Sunday, October 4, 2009

The Obama Show

By Matthew Continetti

Unemployment is close to 10 percent. The government is embedded in the auto, banking, housing, and insurance sectors. The president's domestic agenda hangs in the balance. Things aren't rosy on the global front, either. Public opinion has turned against the war in Afghanistan just as a major decision on troop levels must be made. The Iranians are busily working to obtain nuclear weapons. The Israeli-Palestinian conflict remains as intractable as ever. It's a dangerous world at an uncertain time, and last week the president responded by going on the Late Show with David Letterman.

It's all too apparent: Faced with the choice, President Obama prefers the comforts of celebrity to the duties of leadership. In addition to Letterman, there was his appearance on the Tonight Show with Jay Leno last March and his running commentary in the ESPN broadcast booth during baseball's All-Star game last July. You might imagine a lame-duck president making such media appearances, but not one barely nine months into his term. Obama clearly sees himself as a sort of salesman-in-chief, and considers endless speechifying and interview-giving as the best way to further his agenda. The adoring crowds, raucous applause, and obsequious press coverage that accompany his appearances are cherries on top.

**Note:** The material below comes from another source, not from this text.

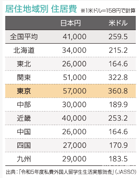关于居住费,全国平均的居住费是41000日元(1900人民币),而东京是57000日元(2600人民币)。
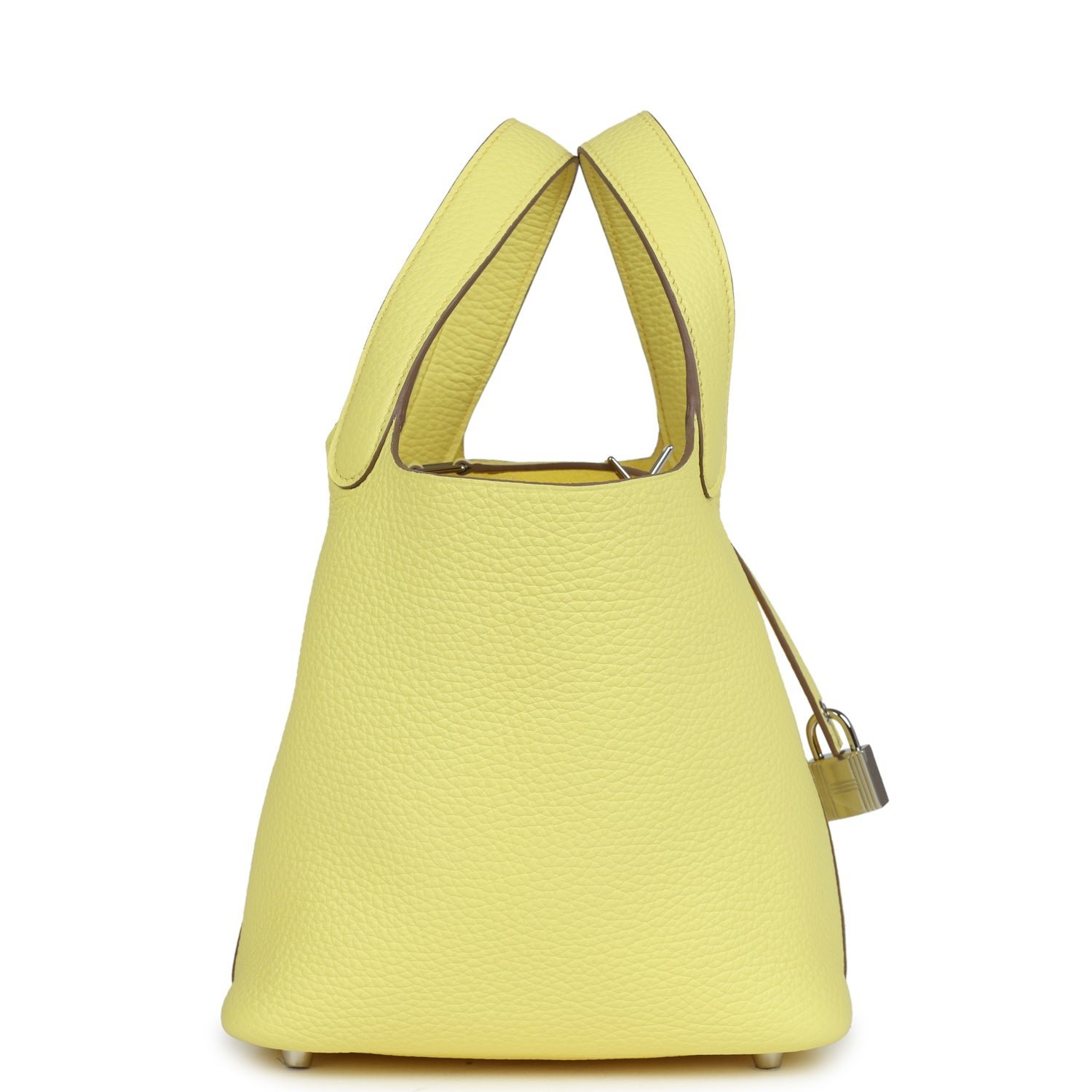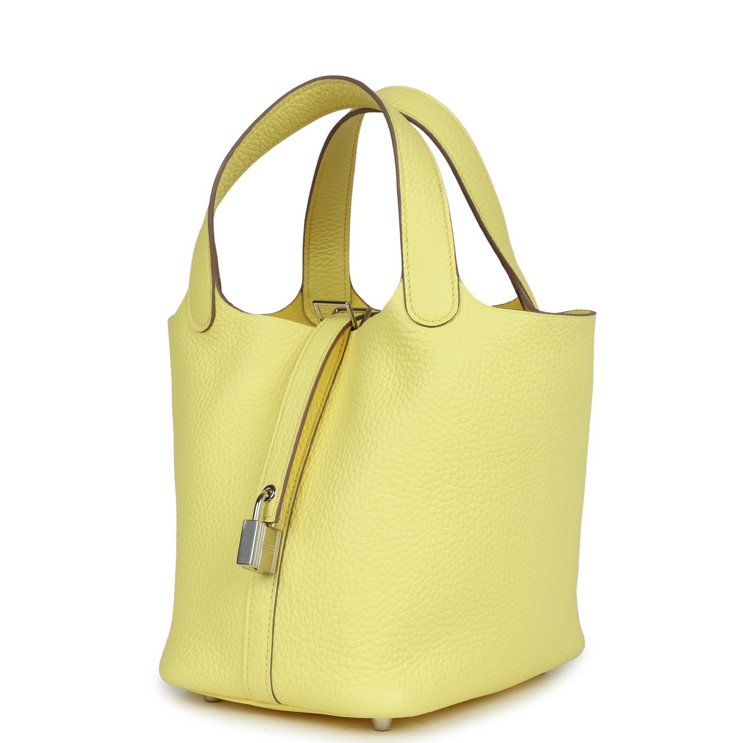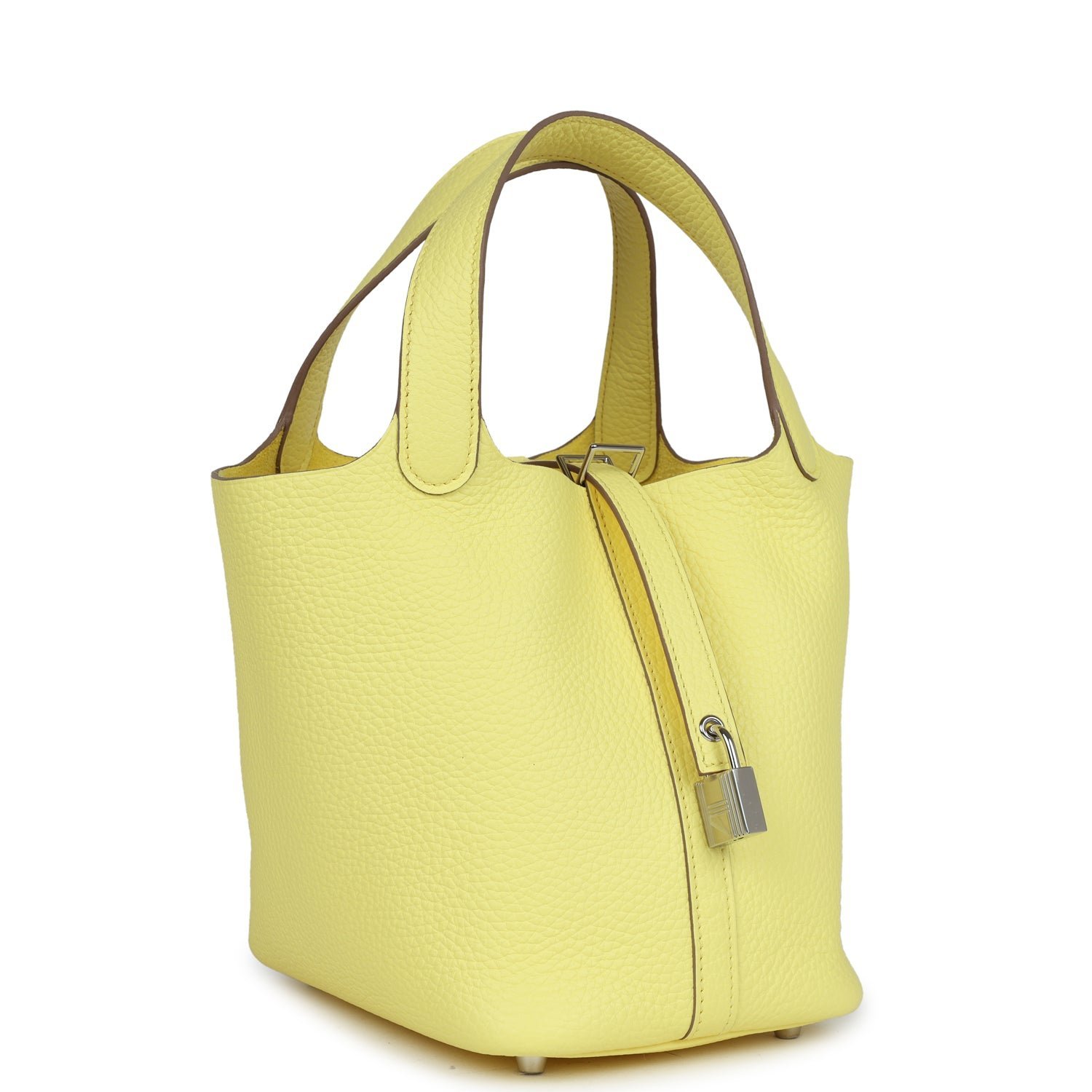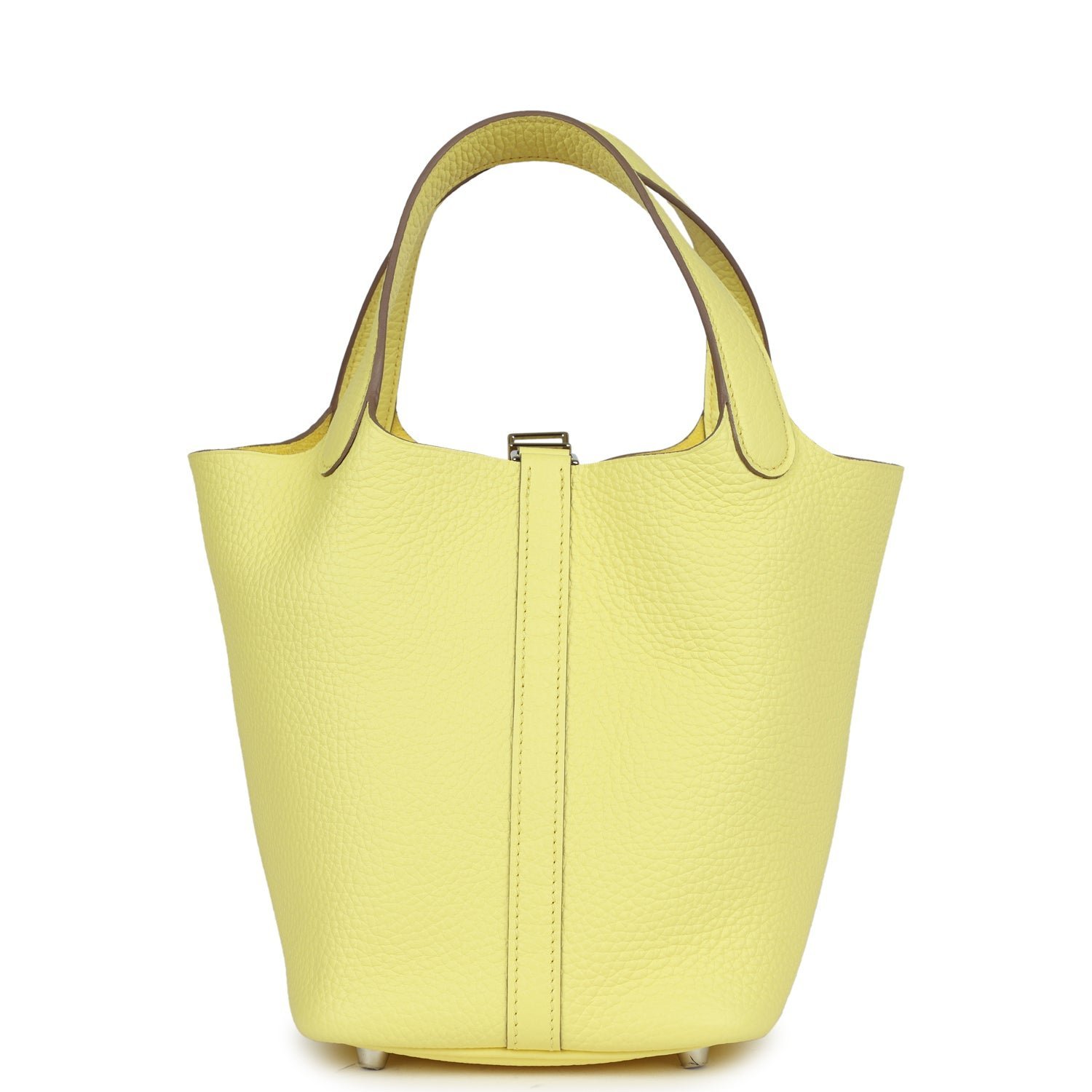 This Picotin is in Limoncello clemence leather with palladium hardware and has tonal stitching with two top handles.

So, in order to pressure Congress to act on health care and "call out" all the lying racist nihilist cynics who stand in his way, Obama delivered his major address to a joint session of Congress on September 9. He followed that up with giant Si Se Puede rallies in Minnesota, Pennsylvania, and Maryland and a dizzying turn on five Sunday morning news shows. Amazingly, Obama has also found time in September to deliver a speech to the nation's schoolchildren; give major addresses on the financial crisis and climate change; and contribute remarks at Walter Cronkite's funeral. The month isn't even over yet, and the salesman-in-chief already resembles the late pitchman Billy Mays.

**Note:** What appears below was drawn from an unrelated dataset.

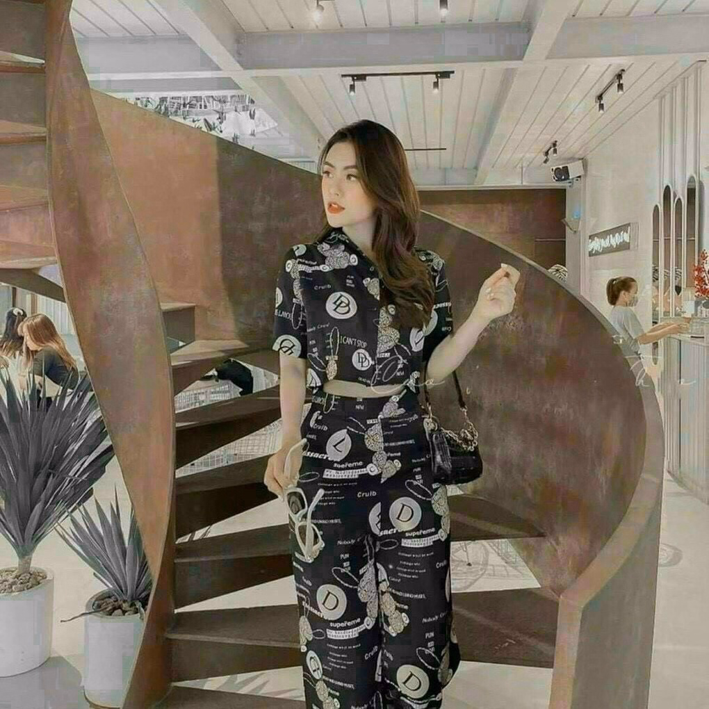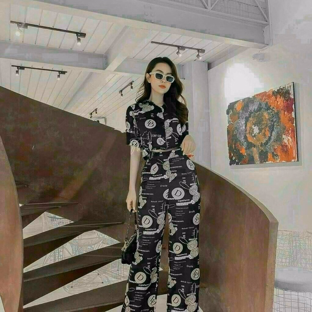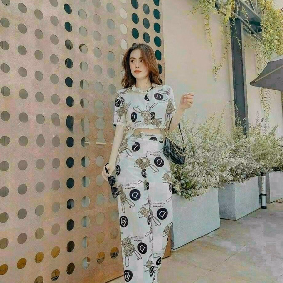 Tên sản phẩm: Set bộ ống rộng cài nút thật chất thun in 3D V181 -Cloudy Dress

hope fadingThe public doesn't really seem to mind the president's omnipresence: Obama, as we are routinely informed, enjoys decent job approval ratings and higher personal ones. And, yes, he has every right to use the bully pulpit; presidents of both parties have done so to both useful and annoying ends. Nonetheless, there are plenty of reasons to be skeptical of the White House's permanent campaign. Chief among them is that presidential appearances are a lot like the money supply: The greater the quantity, the less each individual piece is worth. The public is slowly but surely tuning Obama out--look at the declining ratings for his four nationally televised press conferences. And a president who's always yukking it up is a president susceptible to gaffes. Obama may have survived his latest PR blitz unscathed, but don't forget his tasteless Special Olympics joke on Leno and his petty swipe at Nancy Reagan last December.

What's truly unusual is that the president persists in this media strategy even though it shows no signs of succeeding. Obama's job approval may be decent, but it has fallen quickly and dramatically and now hovers slightly above 50 percent in the Gallup poll. More people continue to disapprove than approve of the president's approach to health care, with significant numbers of seniors and independents turning against him. Last week's NBC News/Wall Street Journal poll showed that the Republicans have narrowed the Democrats' advantage in the congressional generic ballot to three points, the best number for the GOP since 2004. And Republicans are favored in November's elections in New Jersey and Virginia.

Obama isn't in this situation because the public doesn't see enough of him. He's in it because his policies have so far failed to produce economic recovery. He's in it because his big spending gives deficit hawks heartburn. The president and his courtiers could try to deal with such concerns, but instead they devote themselves to the nostalgic task of re-creating the conditions surrounding his storybook presidential campaign. That might satisfy Obama's vanity. But it leaves the rest of us ready to change the channel.